### Required work
Your answer must be the lines from the one containing "공개된 사진 속 김영철은" through the last line below, copied exactly, with no pictures.

[Stored items from a collection]
################

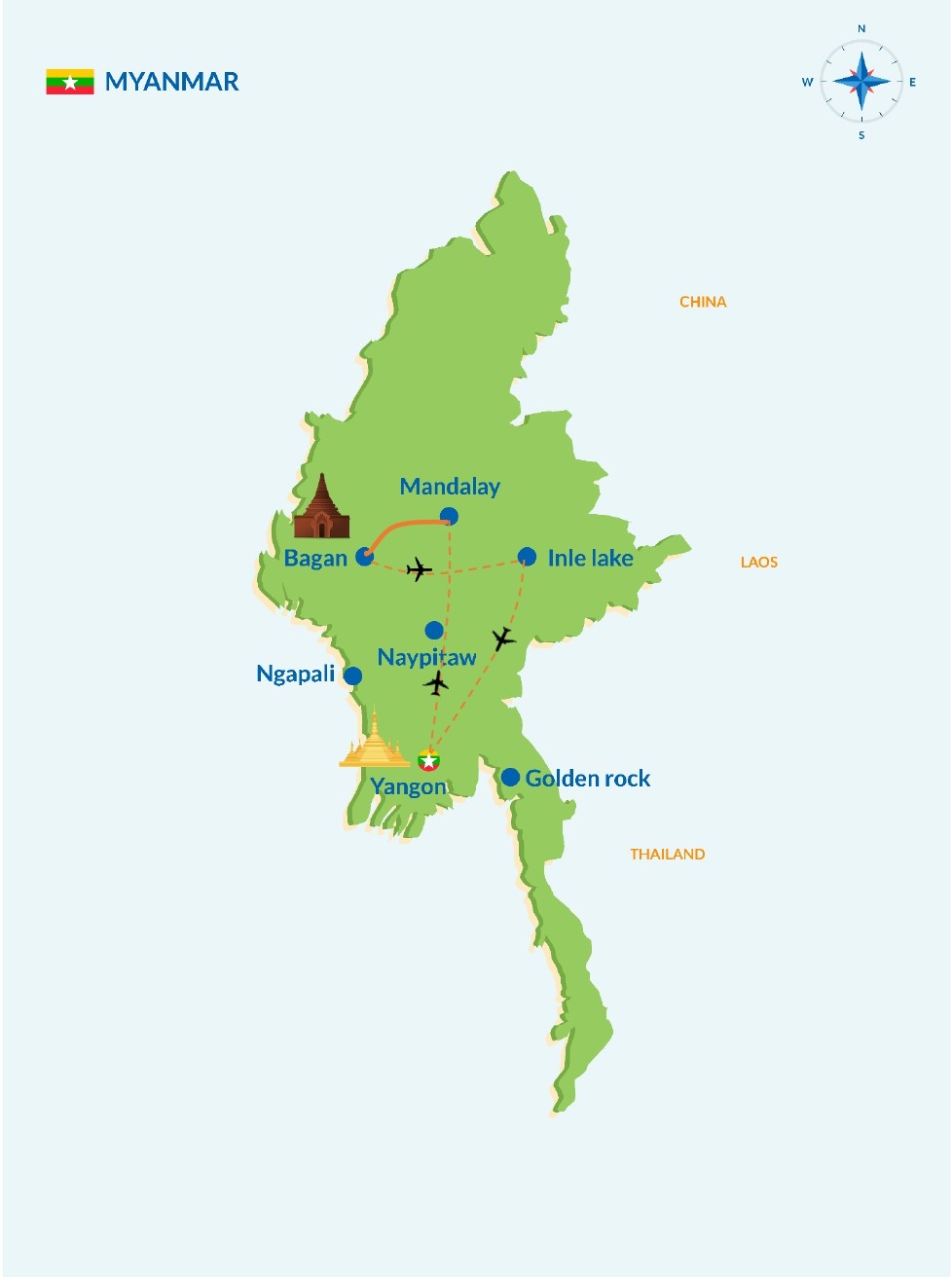 Grands marchés colorés, féerie du lac Inlé et à Bagan, pagode Shwedagon, rencontres ethniques, magie des temples et pagodes de Bagan, lavage matinal du visage du Bouddha Mahamuni, activités fluviales, thanaka sur les joues des femmes et enfants, files de moines le matin… et bien sûr le sourire des Birmans.
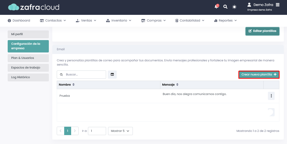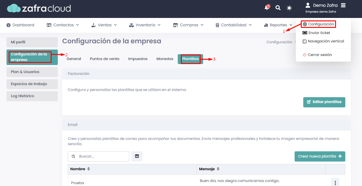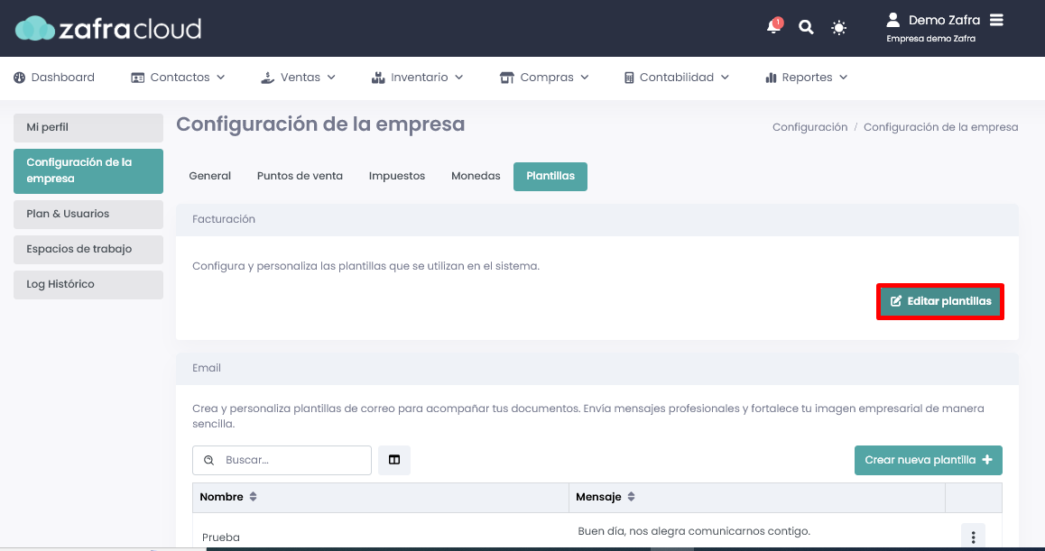 Ingresar a Configuración → Configuración de la empresa → Plantillas
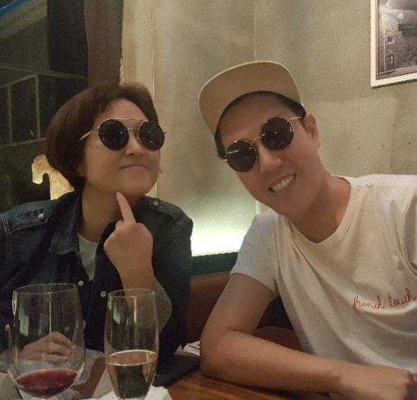 공개된 사진 속 김영철은 송은이와 함께 커플 선글라스로 달달한 매력을 뽐냈다. 특히 미소를 짓고 있는 두 사람의 모습이 눈길을 끈다.
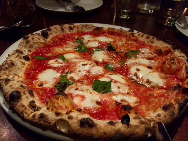 皆さんは、"初めて行くピザ屋さん" でここのピザはどうかなぁと自分なりに判断するピザってありますか? 自分の中で判断基準みたいな存在のピザ。 私は、ピザ屋さんには間違いなくあるピザ "マルゲリータ" を頼むんです。 入り口のキッチンでピザのドウを一所懸命こねて丸めて広げて、しかも "石窯オーブン(Masonry oven)" なので、お焦げさんは木が燃えたカマドの匂いがした。 生地のどっしりしたもっちり感があと引く。 約25センチ(10in)のピザ、多分一人で完食できると思った。 ピザ屋さんなのでマルゲリータじゃなくても頼むべき一品。 ザガットサーベイ(Zagat Survey)でも"S.F Best Napolitan-Style Pizza" の店舗の一つで紹介されていた。
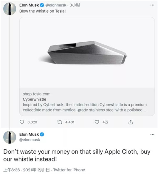 “不要在愚蠢的苹果抛光布上花钱,快来买特斯拉哨子吧!”

################

### Reply
 공개된 사진 속 김영철은 송은이와 함께 커플 선글라스로 달달한 매력을 뽐냈다. 특히 미소를 짓고 있는 두 사람의 모습이 눈길을 끈다.
 皆さんは、"初めて行くピザ屋さん" でここのピザはどうかなぁと自分なりに判断するピザってありますか? 自分の中で判断基準みたいな存在のピザ。 私は、ピザ屋さんには間違いなくあるピザ "マルゲリータ" を頼むんです。 入り口のキッチンでピザのドウを一所懸命こねて丸めて広げて、しかも "石窯オーブン(Masonry oven)" なので、お焦げさんは木が燃えたカマドの匂いがした。 生地のどっしりしたもっちり感があと引く。 約25センチ(10in)のピザ、多分一人で完食できると思った。 ピザ屋さんなのでマルゲリータじゃなくても頼むべき一品。 ザガットサーベイ(Zagat Survey)でも"S.F Best Napolitan-Style Pizza" の店舗の一つで紹介されていた。
 “不要在愚蠢的苹果抛光布上花钱,快来买特斯拉哨子吧!”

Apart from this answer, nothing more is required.